Re: XFS Repair Error

Chris Murphy <lists@xxxxxxxxxxxxxxxxx> · Wed, 26 Jun 2019 18:13:41 -0600

On Wed, Jun 26, 2019 at 3:30 PM Rich Otero <rotero@xxxxxxxxxxxxx> wrote:
>
> > This applies
> > http://xfs.org/index.php/XFS_FAQ#Q:_What_information_should_I_include_when_reporting_a_problem.3F
>
> kernel version: 3.12.17
> xfsprogs version: 3.1.7

All of the upstream file system lists are primarily for development of
what's in linux-next, mainline, and most recent stable kernels.
Anything much older is sort of an archaeological curiosity, but
otherwise it's really the distribution's responsibility to handle
issues if they've decided to keep on supporting something this old.

You found a curious/unexpected xfs_repair error with an ancient
version, and that's fine. But you kinda need to check it with
something a lot more recent to be relevant to this list.

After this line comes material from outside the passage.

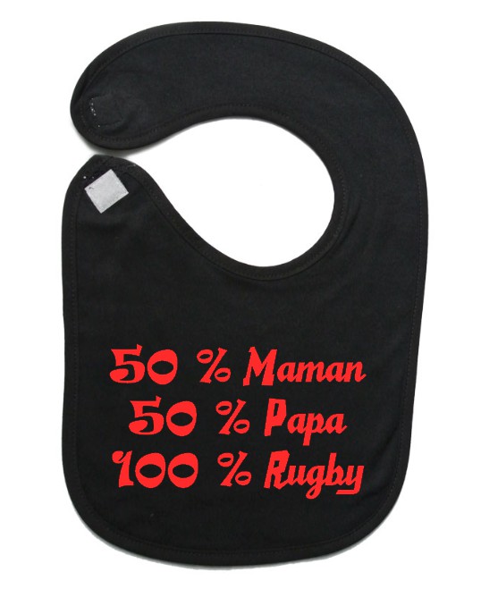 Bavoir bébé "100 % rugby " Noir/Rouge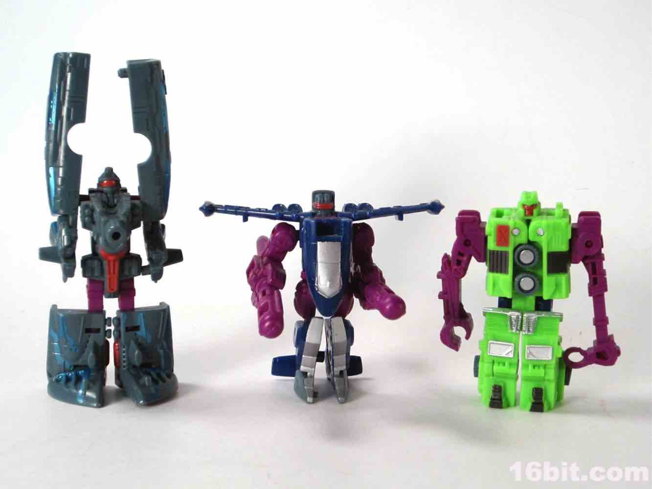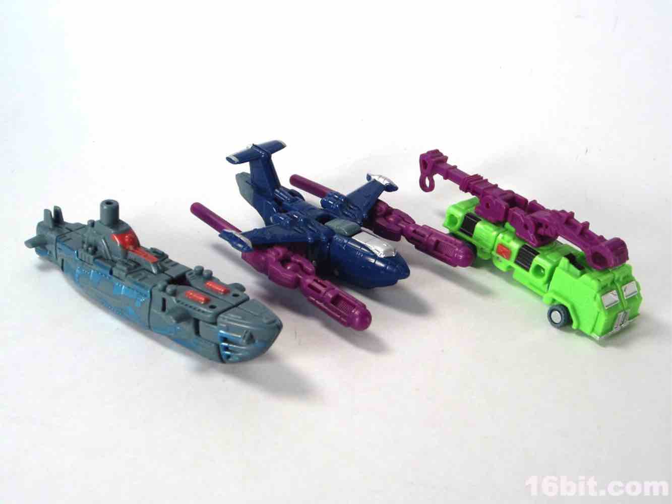 This set has Deepdive the submarine, Longarm the crane truck, and Overcast the cargo plane. The molds were used for some low-run exclusives, so in the USA this was probably the easiest way to get all 3 molds. Deepdive is the tallest, with his shoulders standing at nearly 3 1/2-inches high making him one of the biggest Mini-Cons ever. Overcast got repackaged and recolored in the USA as Airlift, who I found at a Family Dollar store for about four or five bones. All three appeared in a Europe-only gift set (which I wish I could find for sale at a decent price), plus as Astro-Hook, Astro-Line, and Astro-Sinker - a team with the Transformers Club's exclusive Astrotrain toy. Longarm and Deepdive were also recolored in Japan for Boss Coffee. While I don't have those ones, I'm stupendously fond of this trio.

> > Also, are the disk failures fixed? Is the RAID happy? I'm very
> > skeptical of writing anything, including repairs, let alone rw
> > mounting, a file system that's one a busted or questionably working
> > storage stack. The storage stack needs to be in working order first.
> > Is it?
>
> This particular server is used for development purposes and the data
> stored on it is replicated on other servers, so the integrity of the
> data is not very important. We have used XFS in our storage products
> for 15 years, mostly on RAID-5 and RAID-6 using LSI 3ware and Broadcom
> MegaRAID cards. It is not uncommon for disks to fail and be replaced
> and for the RAID to rebuild while the XFS is still in use, and we very
> rarely experience XFS problems during or after the rebuild. In this
> particular case, we suspected a malfunctioning RAID card and replaced
> it, and we are replacing some faulty disks.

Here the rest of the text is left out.